Construction of a broader EU resilience architecture
The nature of Chinese economic coercion is such that it leaves almost no paper trail. Had it not been for journalistic research, the EU may not have known that China was applying pressure on companies to stop trading with Lithuania. To get on top of this, the EU needs to establish an EU Resilience Office. Its responsibilities would include working to understand (and then respond to) grey-zone coercion, “popular boycotts”, and other informal measures. When it is not necessarily clear what China is doing, it is vital to have the means to find out. The EU Resilience Office would document these various forms of pressure, provide strategic assessments of what is taking place, and bring together all staff working on these issues.
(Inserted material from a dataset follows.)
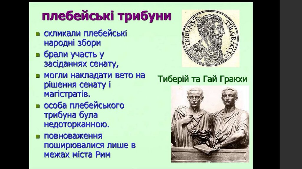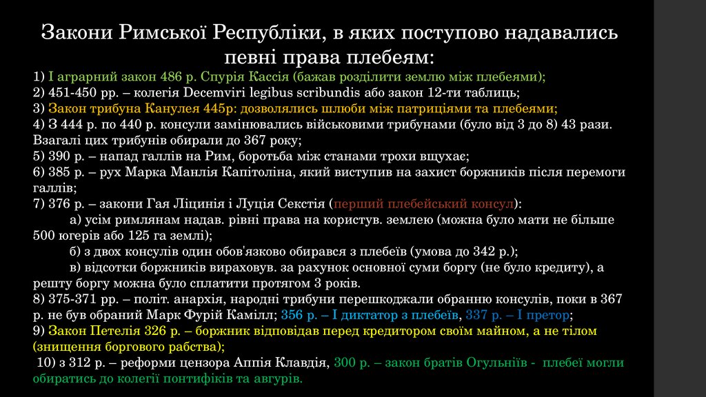 10) з 312 р. – реформи цензора Аппія Клавдія, 300 р. – закон братів Огульніїв - плебеї могли

The office could come in the form of a high-level strategic unit working across European Commission directorates-general. Such a resilience architecture could also channel financial assistance to companies that have been hit hard by coercive measures. In the short term, at least, this could give some of them time to adapt to the changed situation.
While some policymakers query whether Lithuania should have acted unilaterally in some of its recent decisions, it remains the case that Europeans cannot stand by and watch as economic coercion cuts off a member state from part of its intra-European trade. Such coercion is at its most effective when it successfully divides Europeans. The EU now needs to unite around creating its geo-economic toolbox.
The European Council on Foreign Relations does not take collective positions. ECFR publications only represent the views of their individual authors.